We are on legacy Xamarin.iOS which uses different flavor of SQLitePCL.raw that doesn't suffer from the issue.
For a moment we were running some forked builds but I really want to avoid that if possible. First, we could not switch to official builds because we needed the macOS fix for ARM64 varargs calling convention. Once that shipped we could not upgrade because Windows was blocked by this issue (builds but crashes at runtime). Now we are basically on 2.1.1 with our fork abandoned.
We do also have internal builds on net6.0-ios but they are not up to date with the X.iOS branches due to miscellaneous issues so we would not hit the SQLitePCL.raw breakage yet.
Ah. That makes sense. Yes, quite "complicated".
I'm working now on reworking your fix to avoid the net6.0-ios problem.
Thanks a lot. I really appreciate it.
@filipnavara Are you using the winsqlite3 provider?
(I'm pretty sure you're not.)
2.1.2-pre20220916165053 is available on nuget and contains the revised version of the fix for this issue.
@filipnavara One other question about this issue:
There is a test case for sqlite3_config_log
:
but for some reason, it didn't fail back when I made the switch to use UnmanagedCallersOnly
. It should have caught the failure you have been seeing, but it did not.
I have verified that this test is being included in test runs, and that it passes on Windows.
Any idea how to modify that test (or add another one) to make a verification for this issue?
Are you using the winsqlite3 provider?
We use the e_sqlite3 one.
Hmm, I'll have to check about the test. I remember it called the callback and trashed the stack after. It would be interesting to see what happens if sqlite3_log
is called twice.
FWIW, I tried modifying the test to call sqlite3_log
multiples times, but I still couldn't get it to fail (with the CallConv stuff disabled).
I committed the changes to that test at b166926, but I messed up the commit message and referenced the wrong bug number instead of this one.
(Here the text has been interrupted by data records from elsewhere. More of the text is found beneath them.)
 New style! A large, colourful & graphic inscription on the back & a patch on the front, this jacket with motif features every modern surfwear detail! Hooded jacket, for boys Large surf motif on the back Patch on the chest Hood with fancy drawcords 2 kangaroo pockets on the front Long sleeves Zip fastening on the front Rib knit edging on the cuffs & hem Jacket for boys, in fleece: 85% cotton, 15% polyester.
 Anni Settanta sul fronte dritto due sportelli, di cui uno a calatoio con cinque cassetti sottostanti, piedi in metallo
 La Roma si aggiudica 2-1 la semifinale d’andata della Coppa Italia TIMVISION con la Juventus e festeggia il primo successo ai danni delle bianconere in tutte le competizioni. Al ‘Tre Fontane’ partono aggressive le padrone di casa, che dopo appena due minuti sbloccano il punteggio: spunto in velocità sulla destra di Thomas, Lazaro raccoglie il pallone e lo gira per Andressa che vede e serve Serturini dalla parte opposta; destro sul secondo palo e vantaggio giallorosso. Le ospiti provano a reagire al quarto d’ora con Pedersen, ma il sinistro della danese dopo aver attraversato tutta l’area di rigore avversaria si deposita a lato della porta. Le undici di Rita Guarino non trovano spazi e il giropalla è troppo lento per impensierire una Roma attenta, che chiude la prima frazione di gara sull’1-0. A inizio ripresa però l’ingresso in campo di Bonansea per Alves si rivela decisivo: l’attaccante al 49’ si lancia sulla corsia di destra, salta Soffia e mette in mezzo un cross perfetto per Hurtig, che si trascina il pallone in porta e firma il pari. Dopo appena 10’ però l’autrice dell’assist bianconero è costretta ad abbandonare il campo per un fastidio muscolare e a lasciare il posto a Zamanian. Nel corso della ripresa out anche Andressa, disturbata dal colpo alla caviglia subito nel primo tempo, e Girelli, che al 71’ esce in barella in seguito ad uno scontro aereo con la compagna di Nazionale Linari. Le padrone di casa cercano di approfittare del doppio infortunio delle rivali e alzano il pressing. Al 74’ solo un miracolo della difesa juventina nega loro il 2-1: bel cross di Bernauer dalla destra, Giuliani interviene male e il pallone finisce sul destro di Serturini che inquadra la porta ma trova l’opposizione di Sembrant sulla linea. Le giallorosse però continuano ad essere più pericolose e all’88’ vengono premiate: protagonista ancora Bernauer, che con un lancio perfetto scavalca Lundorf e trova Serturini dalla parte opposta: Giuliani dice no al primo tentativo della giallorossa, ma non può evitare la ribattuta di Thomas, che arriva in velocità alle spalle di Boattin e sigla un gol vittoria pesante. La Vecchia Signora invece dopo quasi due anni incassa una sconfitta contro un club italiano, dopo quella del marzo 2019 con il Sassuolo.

One more thought, do the tests run only as 64-bit target or does it test win-x86 too? We observed it on 32-bit process which actually has different calling conventions.
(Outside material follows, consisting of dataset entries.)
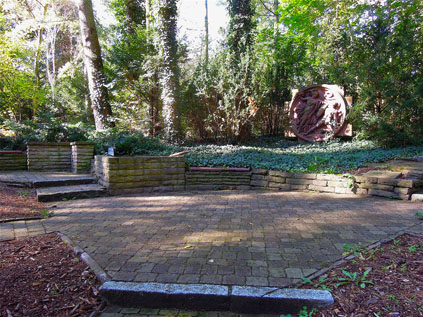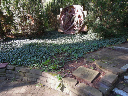 »1939-1945/ AUS DEM ZERSTÖRTEN BERLIN/ GEBORGENE ORNAMENTE/ DER WIENER BRÜCKE/ BEIDE AUF DEM FRIEDHOF AUFGE-/ STELLTEN BILDHAUERARBEITEN/ - ENTSTANDEN UM DIE JAHRHUNDERT-/ WENDE - BEHANDELN MOTIVE/ AUS DEM PERGAMON-ALTAR«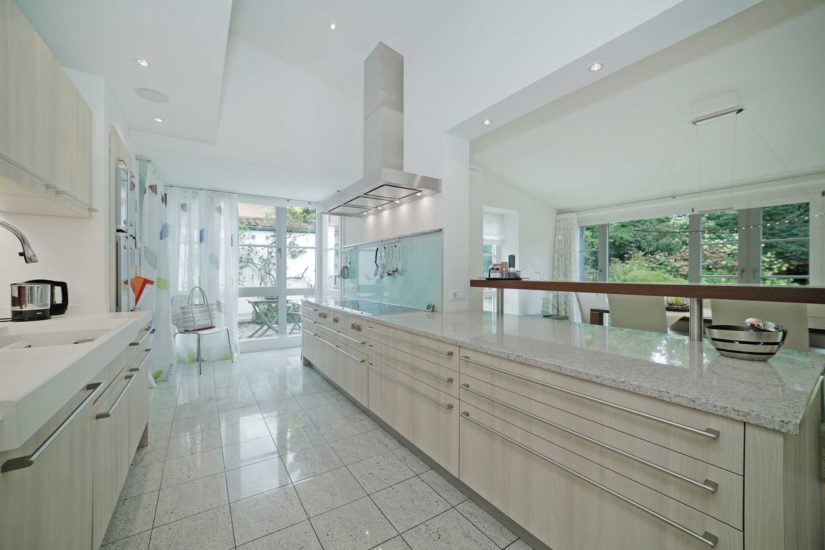 Leicht-Einbauküche, Modernisierung 2010: Arbeitsplatte Granit imperial white, Gaggenau Geräte-Turm mit Backofen, Dampfbackofen und Wärmeschublade. Gaggenau Vario-Induktionskochfeld und Vario-Induktionswok, Dunstabzug 150 cm breit, Abluft nach außen, Miele Geschirrspüler und vieles mehr.Die Bäder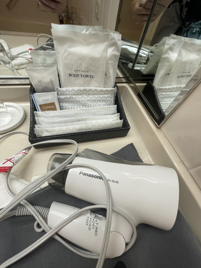 歯ブラシ、ボディタオル、基礎化粧品などのバスアメニティ。ドライヤーはパナソニック。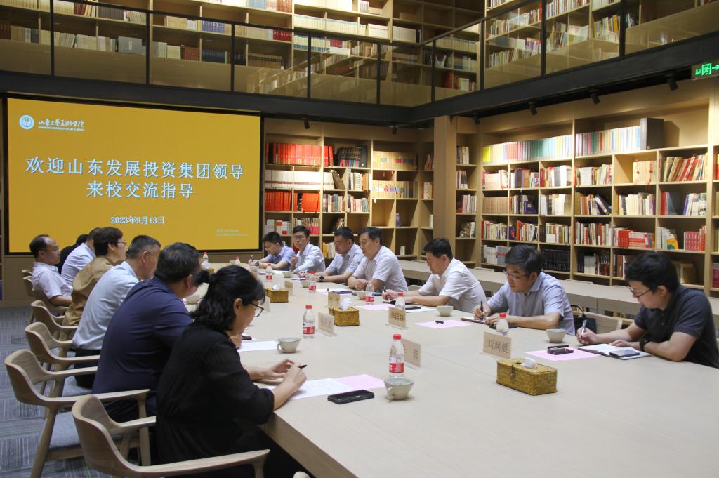 王晓娟代表学校对郭晓东一行的来访表示欢迎,并简要介绍了学校的办学特色、发展历程、人才培养以及近几年在产教融合方面取得的成绩。王晓娟表示,山东发展投资集团是山东省政府批准成立的首批国有资本投资公司,近年来,在深入落实绿色发展理念,积极服务全省重大战略,突出绿色科技产业方向,持续优化国有资本布局方面作出了重要贡献。希望以本次来访为基础,加深彼此了解,密切交流,强化对接,在产教融合、应用型人才培养方面积极寻找合作契合点,共同推动谋划合作项目,打造校企合作新标杆。
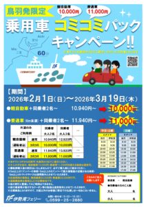 三重県・鳥羽と愛知県・伊良湖を結ぶ伊勢湾フェリーでは、期間限定でお得な乗船プラン「コミコミパック」を実施しています。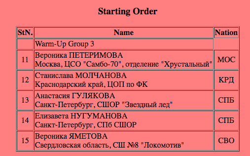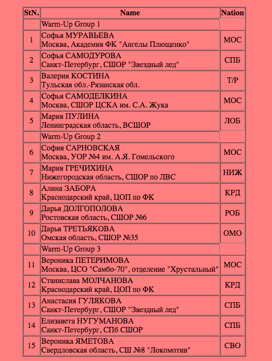 Самоделкина исполнила тройной аксель и захватила лидерство (75,21 балла), Муравьева просто шикарно откатала свою программу и стала второй (73,33), а промежуточное третье место неожиданно заняла Яметова из Свердловской области (66,72). Гулякова лишь пятая (62,20), поскольку сделала двойной флип, который запрещено исполнять в короткой программе, и потеряла элемент; Самодурова — восьмая (57,75), потому что потеряла каскад, Нугуманова — вообще 12-я (52,53 балла), поскольку исполнила одинарный лутц (не засчитан) и упала со второго прыжка в каскаде.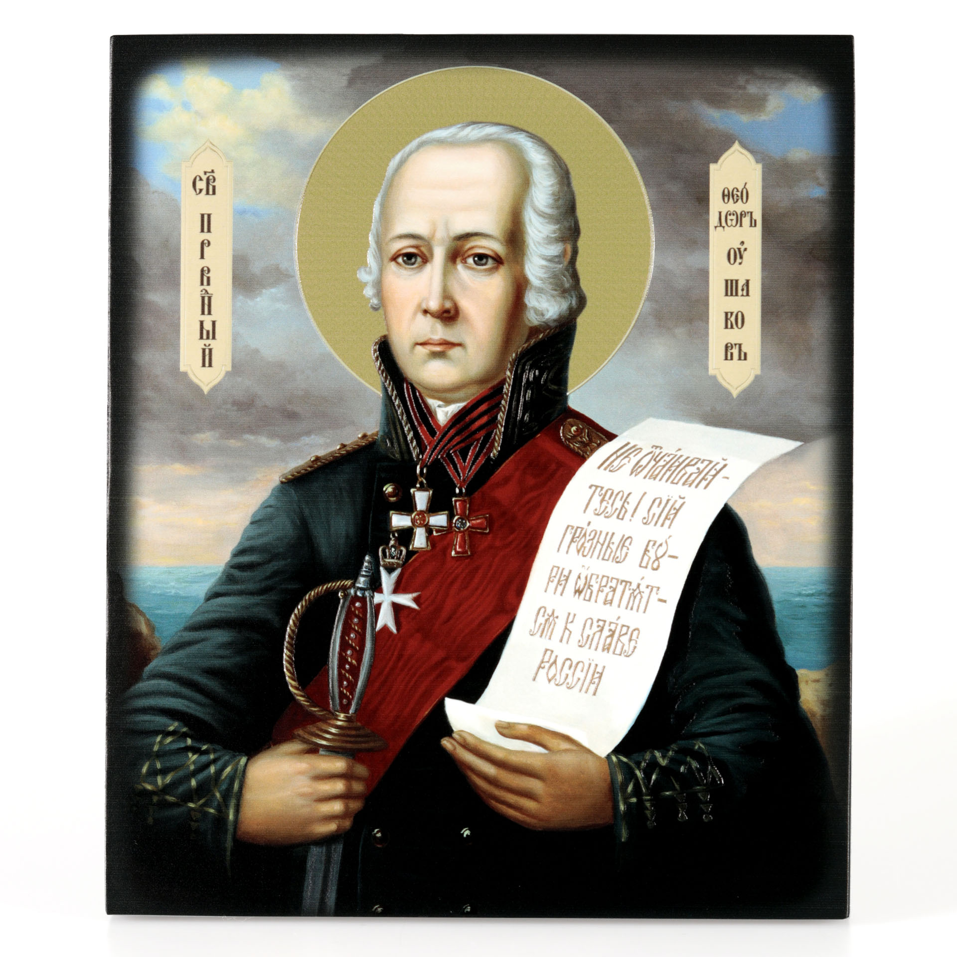 Икона на доске 22х26 объёмная печать, лак Феодор Ушаков,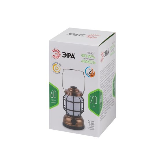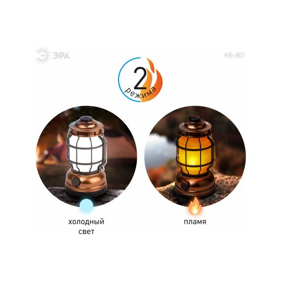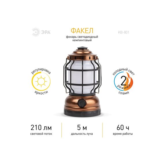 Светодиодный кемпинговый фонарь ЭРА KB-801 Факел на батарейках 2 режима холодный+пламя Б0054042 - кемпинговый фонарь в ретро-стиле. Светит в 2 режимах – холодный белый свет и режим теплого пламени. Работает от 3 пальчиковых батареек (3 х АА). Одного комплекта алкалиновых элементов питания хватает на 60 часов непрерывного свечения.

Ah, 32-bit. That's probably the difference. The test suites have not been running with win-x86.
And in fact, they don't pass. In fact, there are multiple problems, and even though your calling convention fix is apparently sufficient for your situation, it does not seem to be enough to get all my tests to pass.
So, I've apparently got some work to do for 32-bit.
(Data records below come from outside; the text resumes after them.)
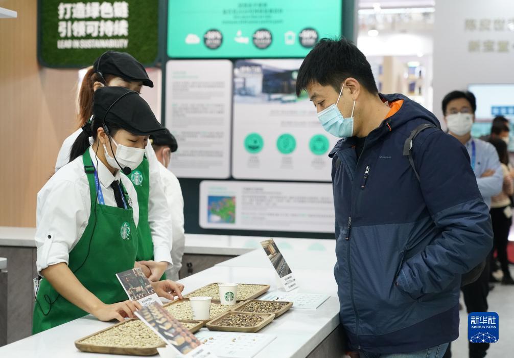 12月1日,觀眾在首屆中國國際供應鏈促進博覽會星巴克展位了解咖啡生豆。
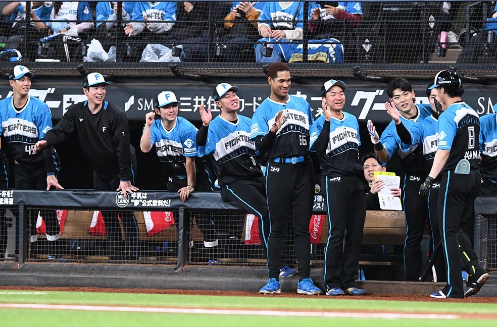 一回、先頭打者弾を放った浅間(手前右)を迎える日本ハムナイン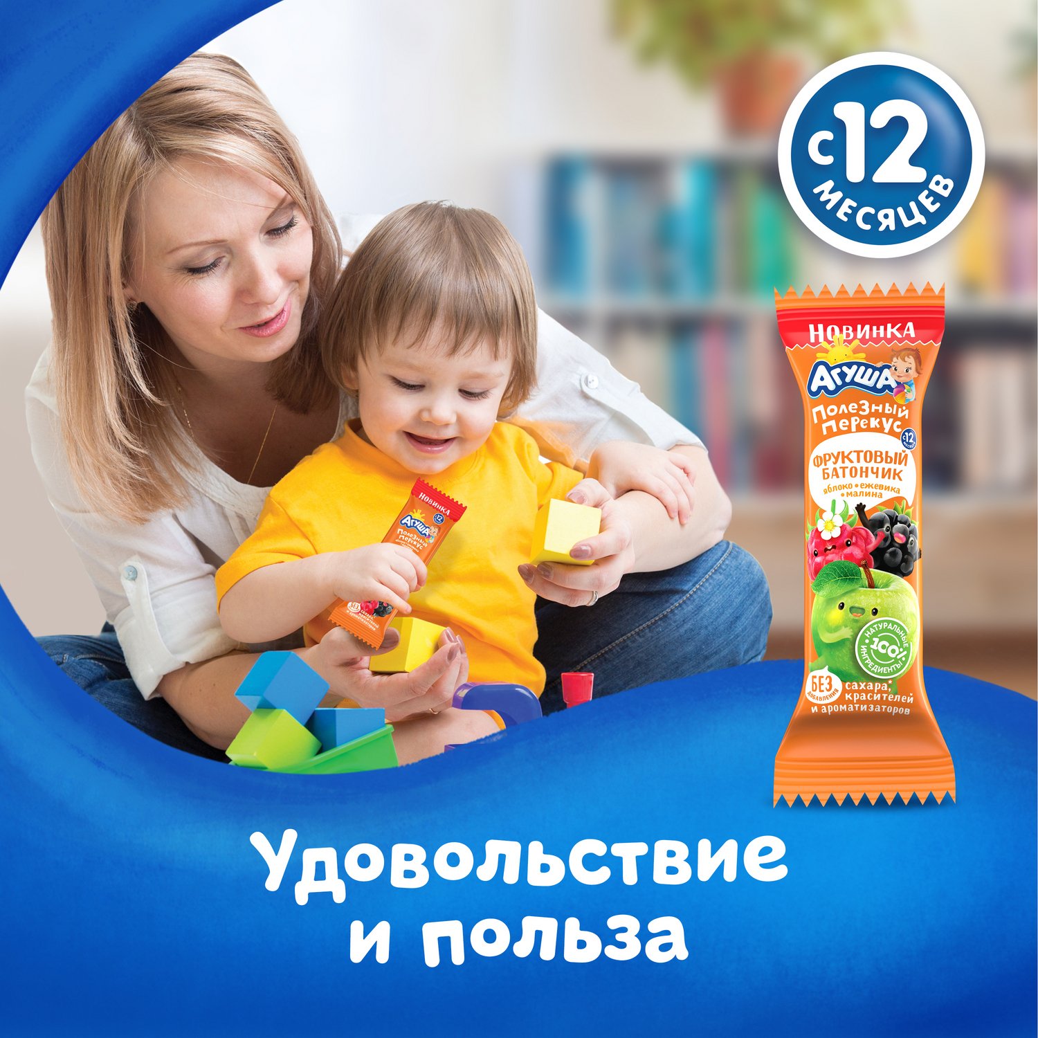 Батончик Агуша Полезный перекус яблоко-ежевика-малина 15г с 12месяцев 4690228102714
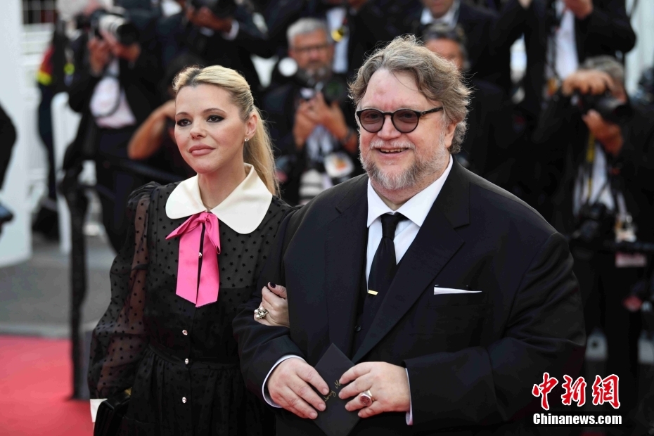 当地时间5月24日晚,导演吉尔莫·德尔·托罗携夫人亮相戛纳电影节75周年庆典之夜红毯。 中新社记者 李洋 摄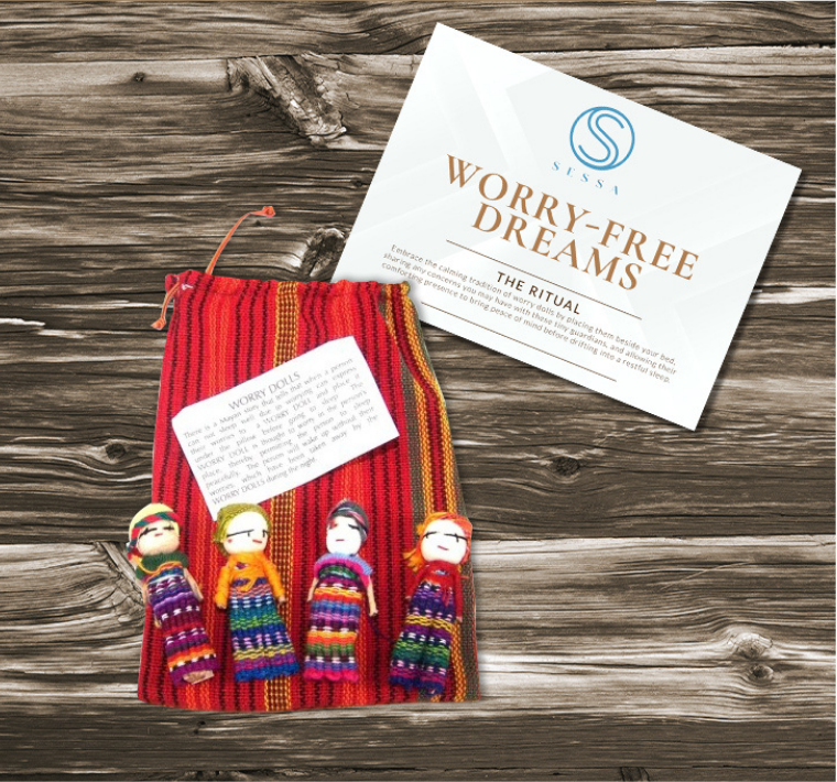 Embrace the calming tradition of worry dolls by placing them beside your bed, sharing any concerns you may have with these tiny guardians, and allowing their comforting presence to bring peace of mind before drifting into a restful sleep.

When I release 2.1.2, I'll probably close this issue and open new one(s) for 32-bit problems.
In retrospective that makes sense 😅 x86 is the weird one with three major calling conventions, x64 and arm64 both use only one (which differs per platform but not per method).
@filipnavara So... for your Windows builds, you're using a target framework of net6.0-windows
(or similar), rather than just net6.0
, right?
When I tweaked your calling convention fix to be effective only on Windows, I used some existing stuff, and so that version of the provider only gets used for a net6.0-windows
TFM. So, above, when I said I tried running those fixes on win-x86
, and found that lots of things were broken, I was building with net6.0
, so the calling convention fixes were not actually in play. But, if I run the test suite targeting net6.0-windows
, everything passes.
I might need to tweak the nuspec to make that version of the provider assembly match net6.0
when the RID is win-x86
.
So... for your Windows builds, you're using a target framework of net6.0-windows (or similar), rather than just net6.0, right?
Correct. net6.0-windows
TFM and win-x86
RID for the executable project.
Fixed in 2.1.2, which is now on nuget. Also logged #518 as a leftover.
We are using the
sqlite3_config_log
API. Apparently somewhere between 2.0.7 and 2.1.0 you switched to useUnmanagedCallersOnly
. Unfortunately, this means the decorated callback now defaults to the platform calling convention which isstdcall
on Windows. The native library (e_sqlite3
) expectscdecl
though. This mismatch causes access violation once the registered callbacks returns back to the native code.